* WHAT THE EXERCISE ASKS:
The answer should hold only the lines from the one containing "In my experience, this" through the one containing "domácnosť alebo kanceláriu." in the entries below, copied exactly, without pictures.

#### PROVIDED RECORDS ####

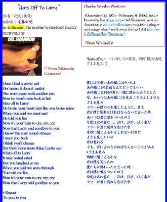 <4aa: “Hats Off To Larry” as a material (和名:花咲く街角) Translated by 遠藤由明>
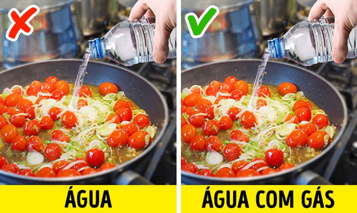 Quando cozinhar legumes, substitua a água habitual por uma que seja mineral e com gás. O bicarbonato de sódio presente nela destruirá as fibras vegetais, acelerando o cozimento e tornando-os muito mais macios e coloridos.
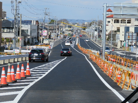 | 2017年12月24日。左、上飯田方向は車線が中央寄りに移動し歩道寄りの車線を整備中。 |
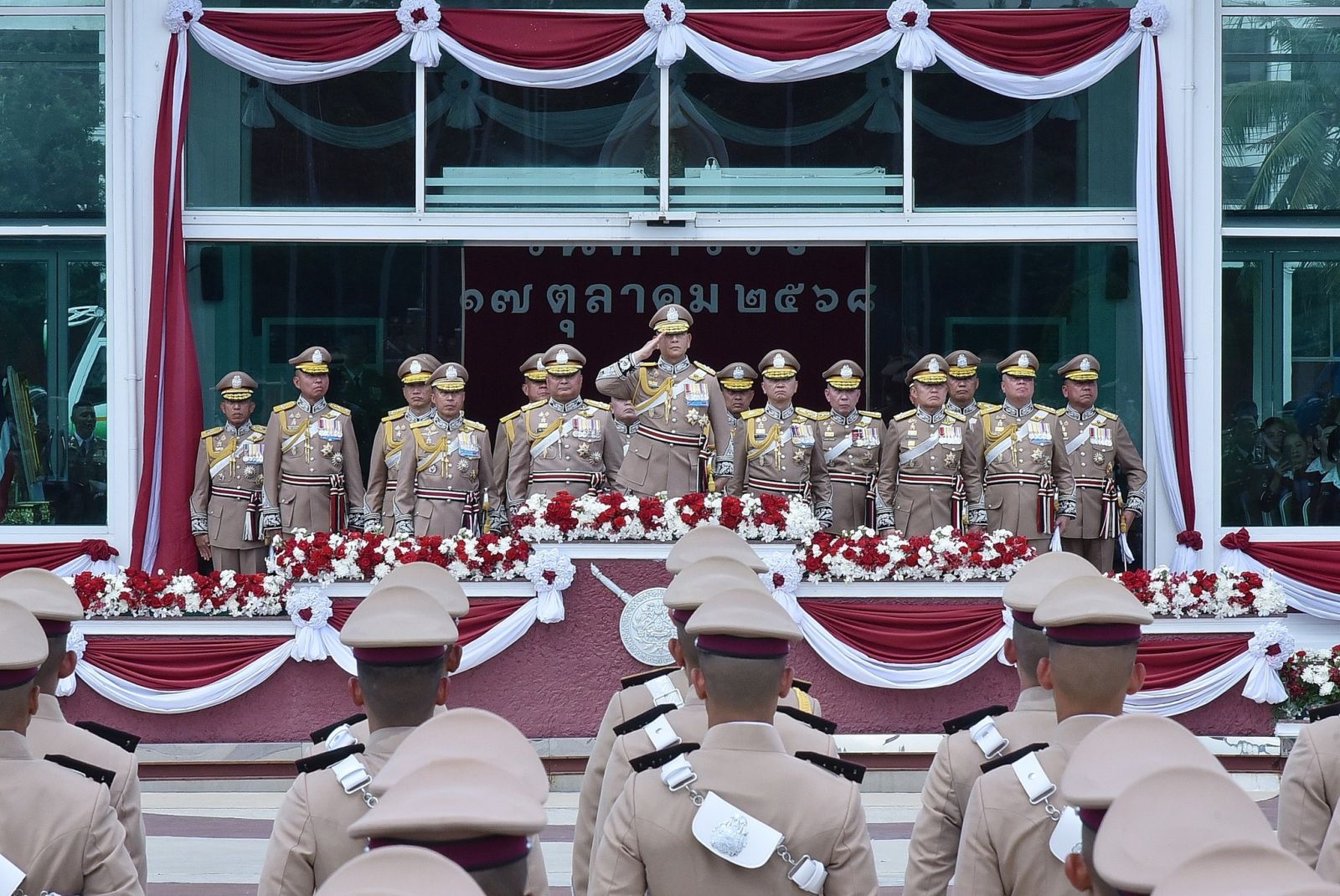 วันนี้ (17 ตุลาคม 2568) เวลา 09.30 น. พล.ต.อ.กิตติ์รัฐ พันธุ์เพ็ชร์ ผู้บัญชาการตำรวจแห่งชาติ (ผบ.ตร.) เป็นประธานในพิธีต่าง ๆ เนื่องในวันตำรวจ ประจำปี 2568 ณ โรงเรียนนายร้อยตำรวจ อ.สามพราน จ.นครปฐม พร้อมด้วย คุณกนกวรรณ พันธุ์เพ็ชร์ นายกสมาคมแม่บ้านตำรวจ โดยมี รอง ผบ.ตร., จเรตำรวจแห่งชาติ (จตช.), ผู้ช่วย ผบ.ตร., รอง จตช., ข้าราชการตำรวจ และคณะสมาคมแม่บ้านตำรวจ ร่วมพิธีวางพานพุ่มถวายราชสักการะพระบรมราชานุสาวรีย์ รัชกาลที่ 5, พิธีสดุดีข้าราชการตำรวจที่เสียชีวิตจากการปฏิบัติหน้าที่ราชการ, พิธีกล่าวคำสัตย์ปฏิญาณตนและสวนสนามของนักเรียนนายร้อยตำรวจ
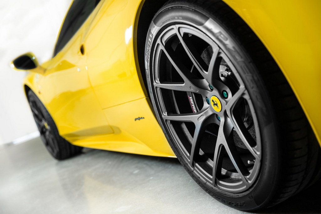 Finished in Gunmetal gray, and featuring original Ferrari center caps, these wheels are 20×8.5 inch at the front and 20×11 inch at the back. The VS-110 is not a particularly showy rim, especially in this finish, which is great. It looks classy and elegant.
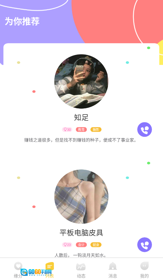 1、首页探索推荐用户:打开双悦,首页会智能为你推荐用户,点击就能开启聊天之旅。
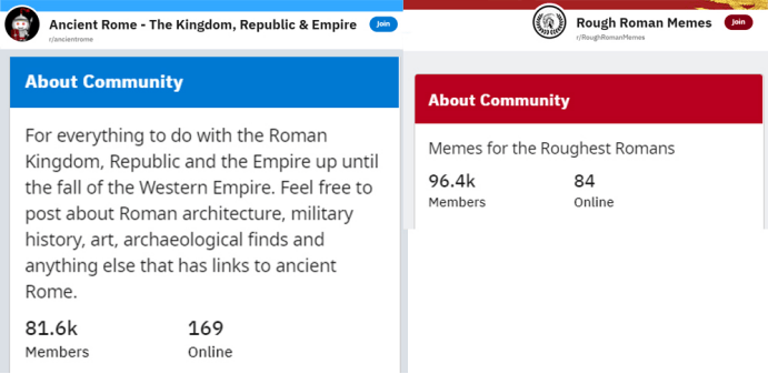 至於西方網絡上的羅馬相關的“梗”,更是隨着網絡時代的發展而層出不窮,如Reddit論壇上,比較著名的是玩梗的r/RoughRomanMeme板塊以及正經討論的r/AncientRome板塊兩個羅馬相關的板塊。但是從數量上看,更勝一籌的顯然是玩梗的“精羅”網友。
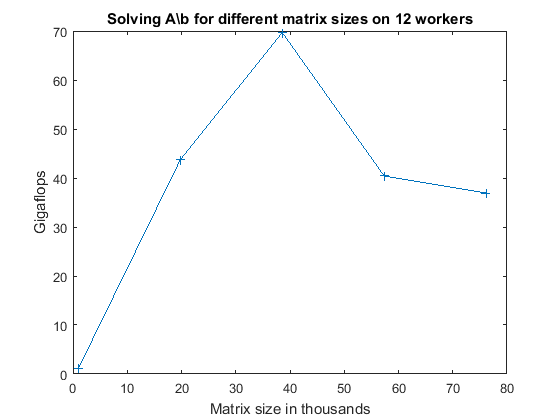 fig = figure; ax = axes('parent', fig); plot(ax, matSize/1000, gflops); lines = ax.Children; lines.Marker = '+'; ylabel(ax, 'Gigaflops') xlabel(ax, 'Matrix size in thousands') titleStr = sprintf(['Solving A\\b for different matrix sizes on ' ... '%d workers'], poolSize); title(ax, titleStr, 'Interpreter', 'none');
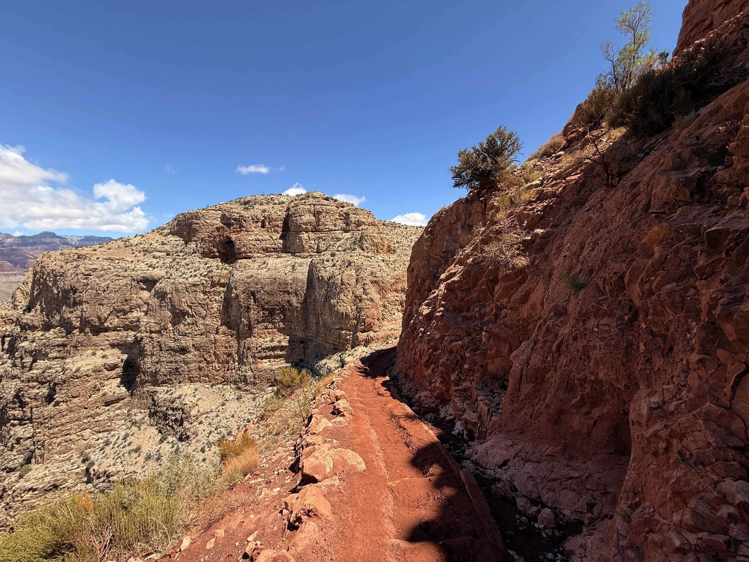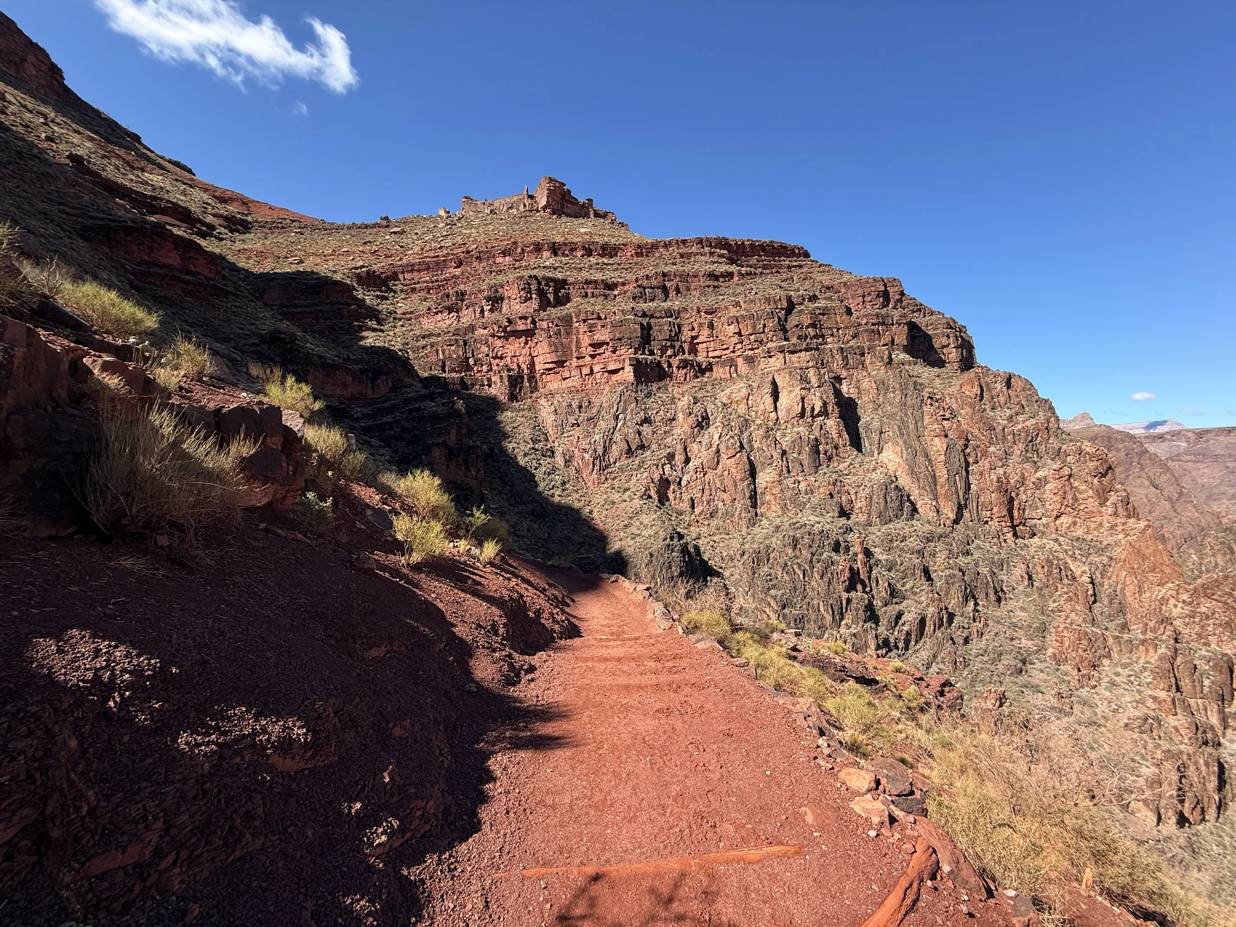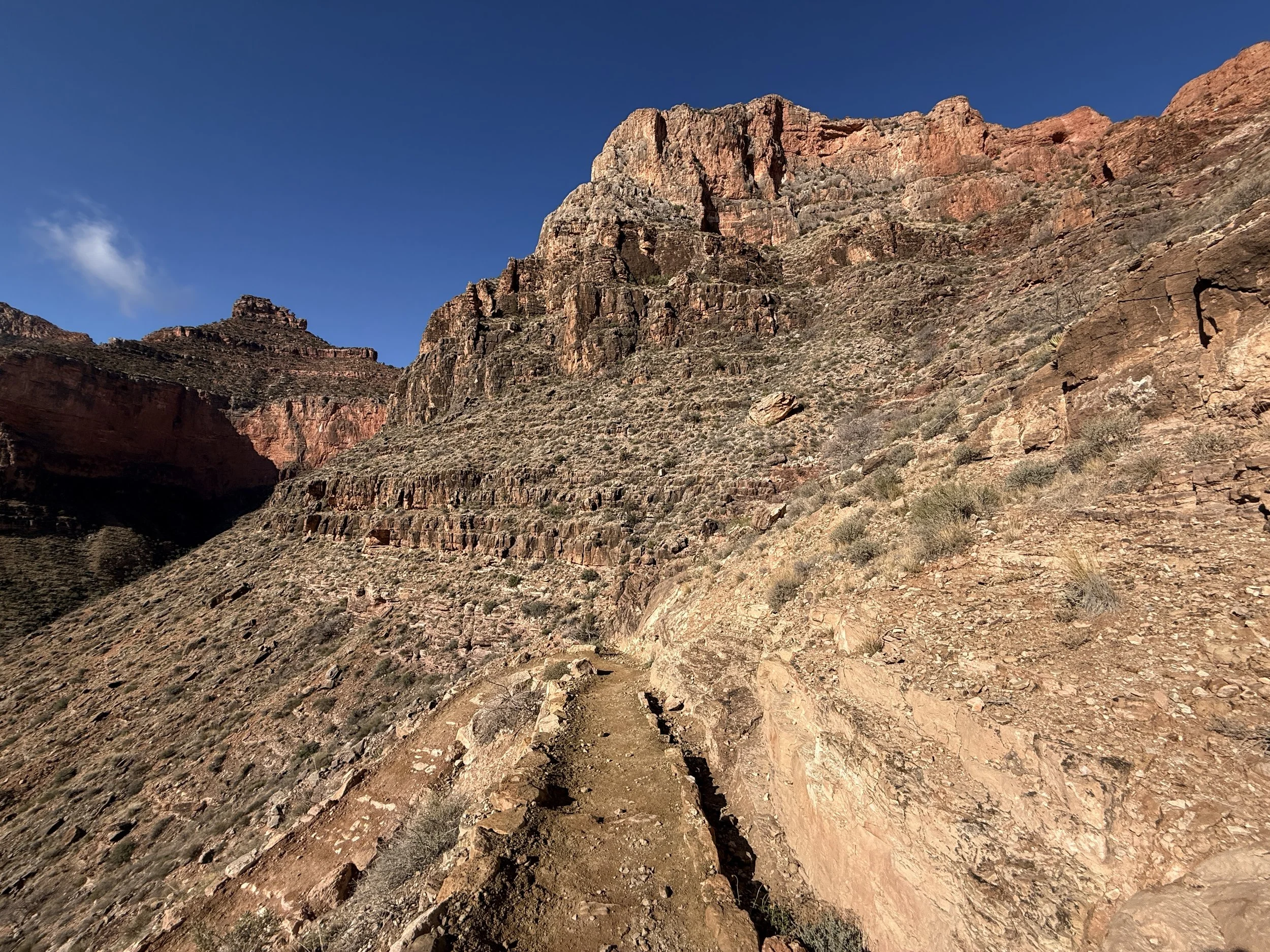 In my experience, this is where the North Rim started to feel closer, as the white Coconino sandstone layer atop the North Rim is the last section to climb.
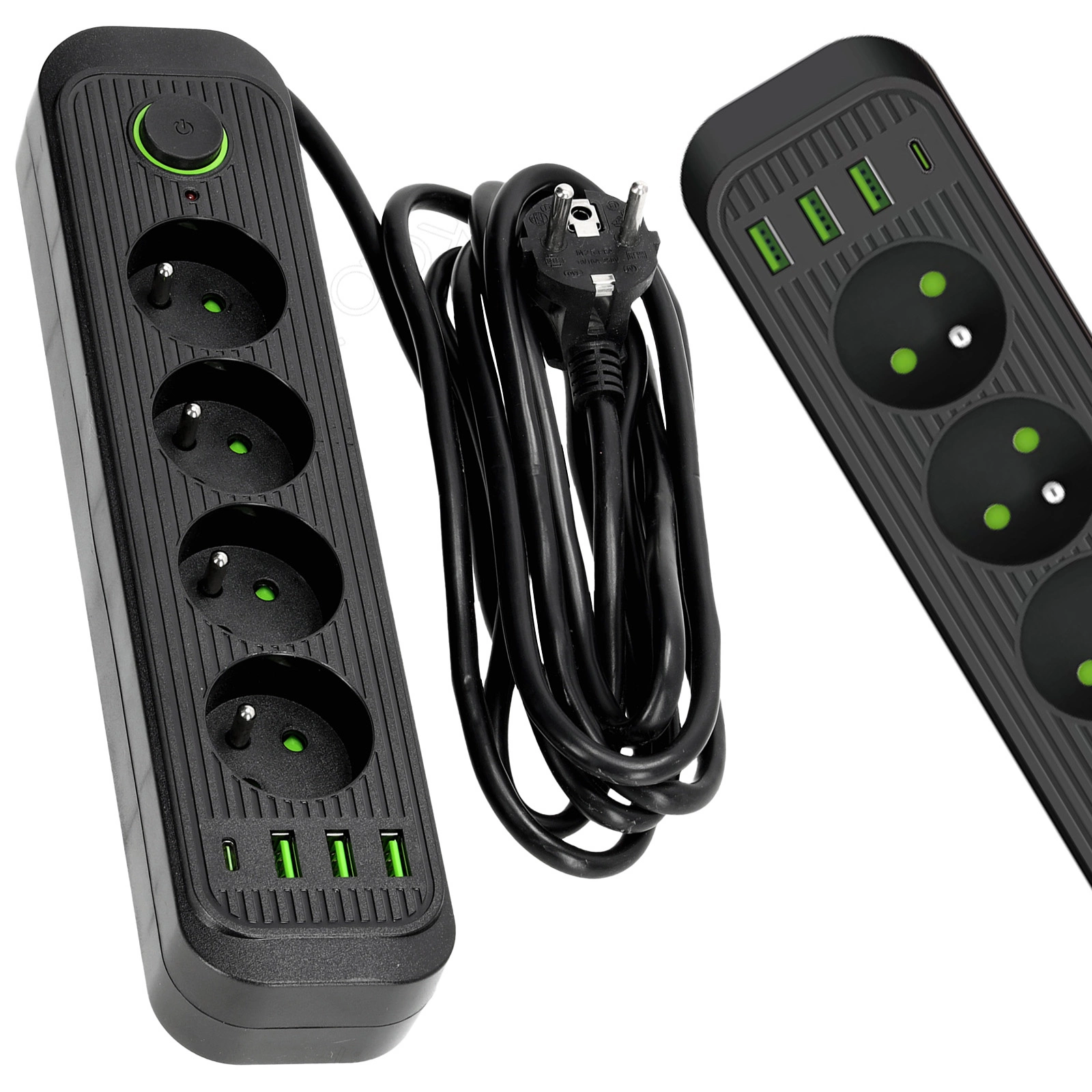 • Štyri napájacie zásuvky: Umožňujú jednoduché zapojenie viacerých zariadení naraz, čo je ideálne pre domácnosť alebo kanceláriu.
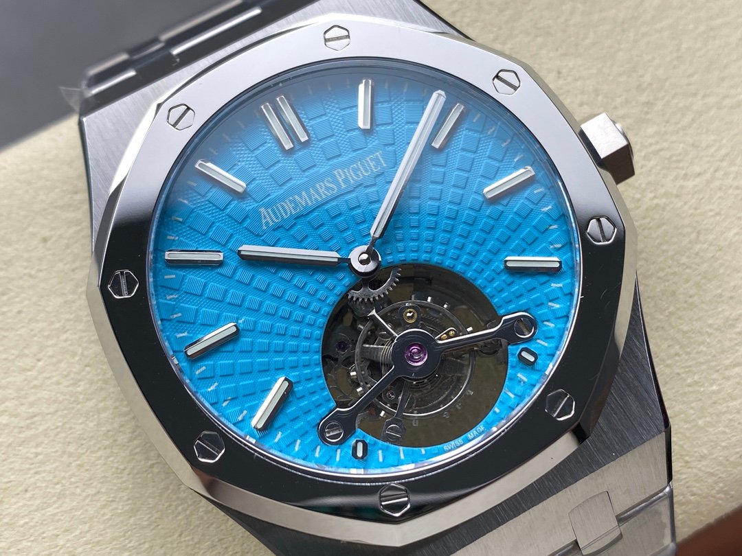 Power reserve 72 hours, Audemars Piguet still retains the octagonal bezel, iconic hexagonal screws and classic strap. The Royal Oak series ultra-thin tourbillon watch has innovated on the classic “Tapsisserie” checkered pattern, forming a new checkered pattern “Tapisserie Evolutive”. The familiar yet unfamiliar dial checkered decoration brings a new look and feel, becoming the finishing touch of this watch. The case diameter is 41 mm and the thickness is 11.2 mm. The extraordinary tourbillon has therefore also been loved and paid attention to by many watch friends.

####

* RESPONSE AREA:
 In my experience, this is where the North Rim started to feel closer, as the white Coconino sandstone layer atop the North Rim is the last section to climb.
 • Štyri napájacie zásuvky: Umožňujú jednoduché zapojenie viacerých zariadení naraz, čo je ideálne pre domácnosť alebo kanceláriu.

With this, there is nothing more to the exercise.